**The problem**
Quote each line of the material verbatim, without the pictures.

**Data shown**
□ □ □ □

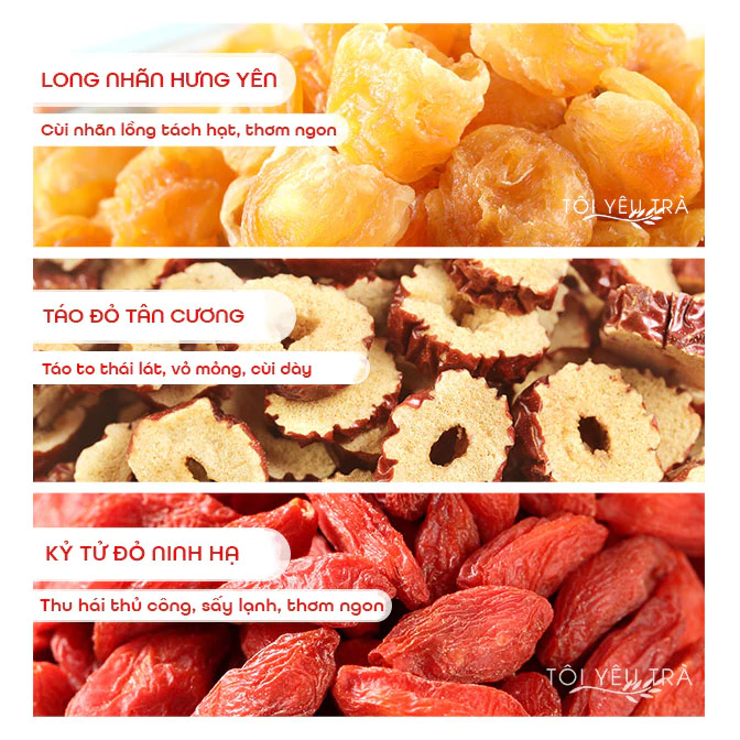 • Thành phần: Set trà dưỡng tâm an thần gồm 3 vị truyền thống (Long Nhãn, Táo Đỏ, Kỳ Tử).
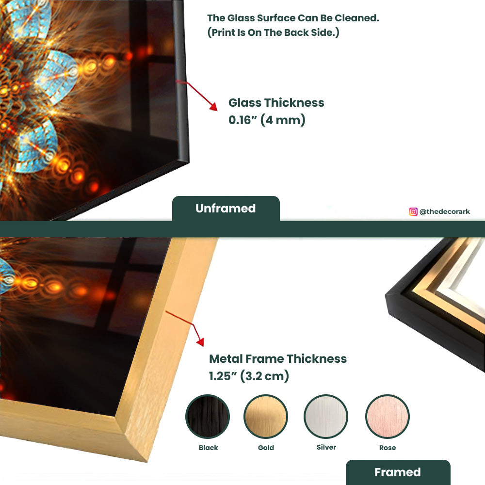 Immerse your space in the "Fractal Flower Symphony," a colorful abstraction on tempered glass. The intricate patterns and vibrant colors create a visual symphony of natural beauty. Elevate your decor with this unique piece that brings the complexity and elegance of fractals into your living space.
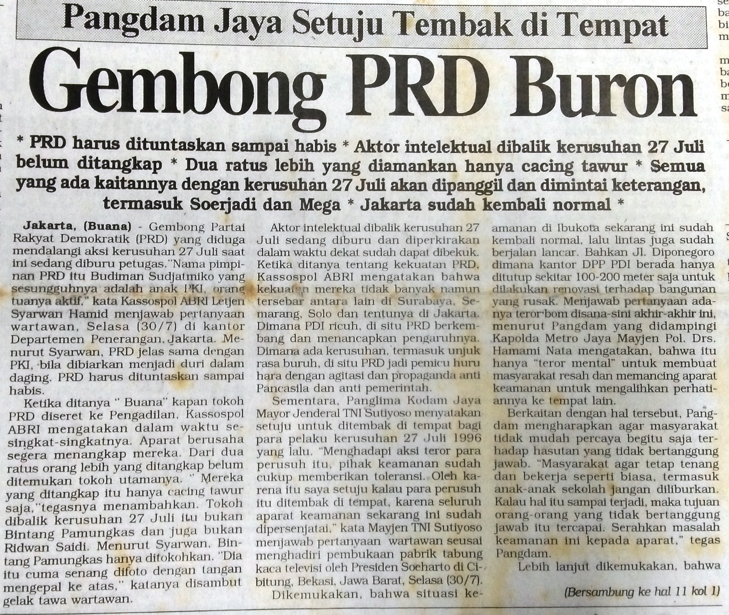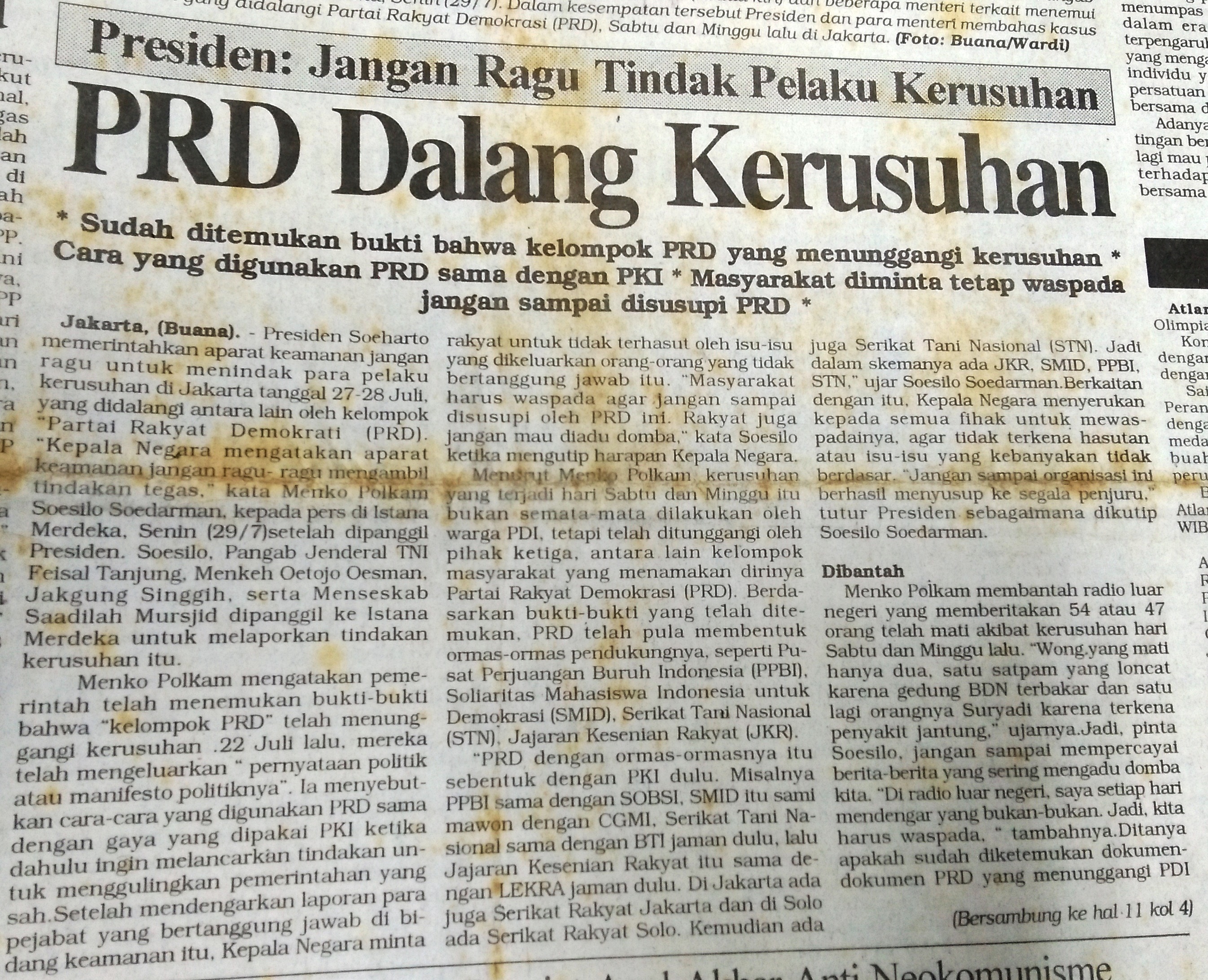 Pemerintah menetapkan , Partai Rakyat Demokratik (PRD) sebagai agitator kerusuhan. “Saat itu yang gencar memberitakan Gatra, Garda, Pos Kota dan Terbit,” kata Wahyu Susilo, adik Wiji Thukul kepada Independen, pekan lalu. Ia mengaku ketika peristiwa itu terjadi, telah bekerja di Jakarta.
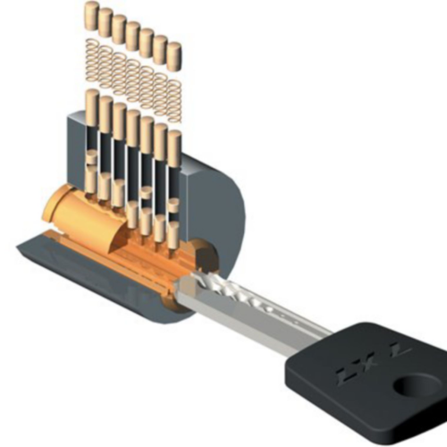 - Двойная альфа-пружина — уникальный подвижный элемент на кончике лезвия ключа, который соединяется с уникальным штифтом, создавая дополнительную линию сдвига.

□ □ □ □

**Output below**
 • Thành phần: Set trà dưỡng tâm an thần gồm 3 vị truyền thống (Long Nhãn, Táo Đỏ, Kỳ Tử).
 Immerse your space in the "Fractal Flower Symphony," a colorful abstraction on tempered glass. The intricate patterns and vibrant colors create a visual symphony of natural beauty. Elevate your decor with this unique piece that brings the complexity and elegance of fractals into your living space.
 Pemerintah menetapkan , Partai Rakyat Demokratik (PRD) sebagai agitator kerusuhan. “Saat itu yang gencar memberitakan Gatra, Garda, Pos Kota dan Terbit,” kata Wahyu Susilo, adik Wiji Thukul kepada Independen, pekan lalu. Ia mengaku ketika peristiwa itu terjadi, telah bekerja di Jakarta.
 - Двойная альфа-пружина — уникальный подвижный элемент на кончике лезвия ключа, который соединяется с уникальным штифтом, создавая дополнительную линию сдвига.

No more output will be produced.